There are 11 comments

  1. Chester Hartwell

    What of FARMING ?

    The developer’s plan ………….. also focuses on history, tourism and entertainment.

    …….the project also incorporates a new well for the Village of Saugerties Water Department.
    ….the developers propose creating their own wastewater treatment plant……..

  2. Robert Swingle

    I say go, go, go! This sound’s like just what that property needed. Now, get off of the Dragon Inn property owner’s back, and build, build, build! And, grow, grow, grow! Thrive, thrive, thrive!

    1. Jaymes Nohns

      Agreed, however, The Town of Saugerties will find a way to squash it. Saugerties is not into having businesses thrive, or any new business for that matter. If it was a full time antique fleamarket, it would already been approved…….

    2. Catsuny

      Exactly! Some backwoods stagnant thoughts of never advancing forward.Once was a beautiful building.Looks more and more like it is their goal too keep it just the way it is a ignorant mess.This area is demanding change and production.
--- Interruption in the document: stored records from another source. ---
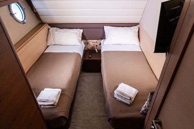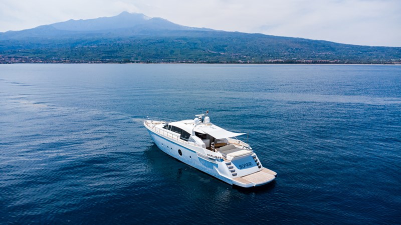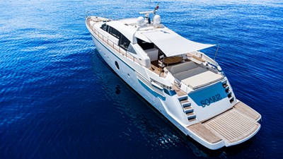 Step aboard SOARIS, a sleek Aicon 85 with a unique story. Her hull was laid in 2009, paused, then fully relaunched with new machinery and systems before completion in 2014. First registered in 2018, she offers 4 cabins for 8 guests, a 46sqm saloon, and twin CAT C33 engines delivering 34 knots max.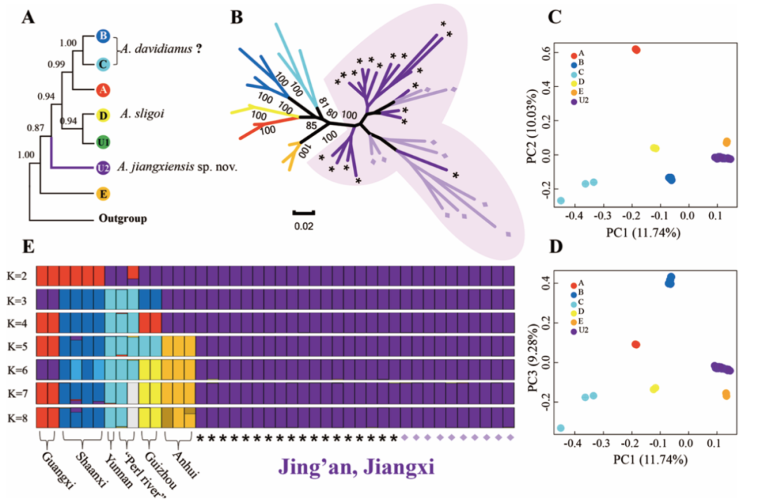 除了在遗传学上差异外,通过形态学比较,发现江西大鲵与其他5个支系在形态学上存在一定的差异,因此将其描述为一新种——江西大鲵,这是目前已知的我国首个遗传身份明确且野外稳定繁殖的大鲵纯种种群。并且,本研究建议将江西大鲵列为极危物种,并将其列为中国二级保护动物,以及亟需对其建立相应的保护行动计划。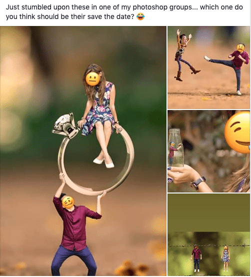 Nem mindennapi eljegyzési képeket posztolt egy pár. A képeken a pár látható miniatűr formában, az egyiken az eljegyzési gyűrű van a középpontban. Ez az ötlet még tetszett a netezőknek, ám a többi képen furcsa elemek is felbukkannak, például Woody a Toys Storyból és egy szögesdrót is.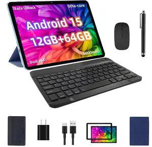 TUOHAITIME Android 15 Tablet, 12GB+64GB+1TB Expand, 10 Tablet Bundle with Keyboard Case, Stylus Pen, Octa-core CPU, Dual Camera, WiFi6, 6000mAh Battery+18W Fast Charge, Support Face Unlock,Blue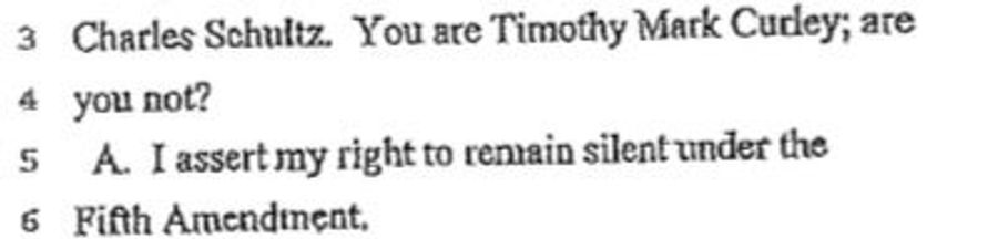 From there, he put on a world-historic Fifth Amendment clinic, pleading his right to remain silent in response to every single question, for 168 pages of interview transcripts. Here is a selected list of questions that Curley pleaded the fifth to: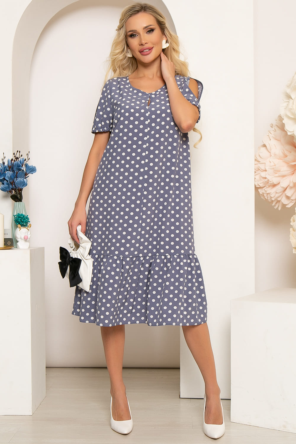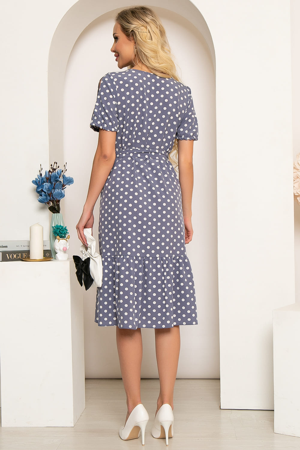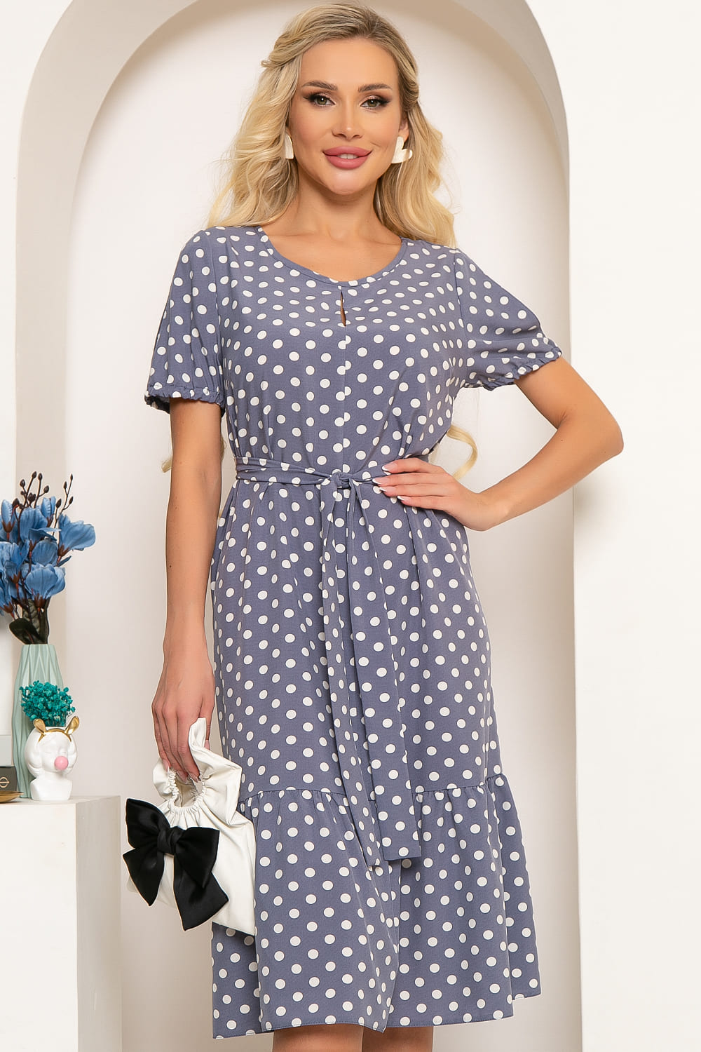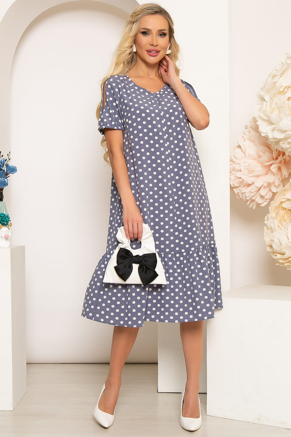 Платье свободного кроя в модном джинсовом оттенке с принтом "Горошек". Изумительно смотрится как с каблучком, так и с кедами! Юбка с воланом по низу добавляет романтичности и воздушности образу. Рукав украшен разрезом, вырез горловины- мягкий V-образный, также украшен небольшим разрезом. В комплекте пояс из основной ткани.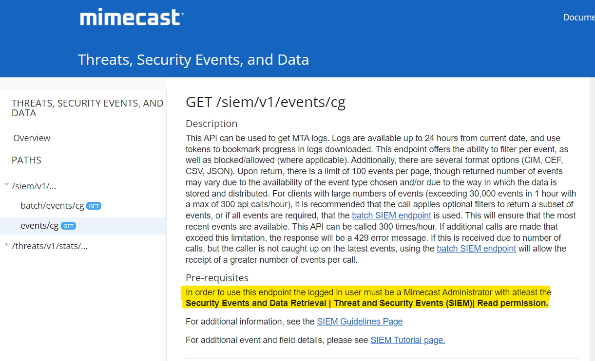 Every application created on the Administrative Console will function depending on the roles assigned to the logged in user generating the API application. The required permissions information is mentioned on the Mimecast Developer Services page for every endpoint.

Time too seriously look at who is running things and why they WON’T push forward.

    3. Melanie Gardner

      It’s easy for people to be polarized these days, but in this case at least there is a middle ground. Yes, you can build, grow and thrive, but the key is to do it smartly, with a common sense approach. Build, but beautifully, discreetly, and with due restraint. Grow, but with a well-thought-out master plan in place to protect what’s appealing to local residents while welcoming newcomers. Thrive – more good will, less aggravation if the first two challenges are met.

  3. andrew cowan

    I think this and the newly announced project at 212/32 could be useful for Saugerties – as long as Saugerties does not cave to the inevitable requests for tax breaks and incentives from the developers. Given Saugerties has one of the highest property tax rates in the area I’d expect that taxes generated by these new developments would be applied to reduce property taxes for homeowners in Saugerties.

  4. Catsuny

    This is SOMETHING that must go through.In all favor.This area needs another grocery store ,not just price chopper. The old Nelson’s building could perfectly house a GROCERY FOR SAUGERTIES TOWN. Not another dirty general dollar. Look around ,what does this area have to offer? If you want people to come you need change and new fresh updates to the area.Its not very pretty. Majority of what people need is not available and must drive down to Ulster,UP to Albany,DOWN to Poughkeepsie. Remove your towns old stuck controlled forces and make the area great.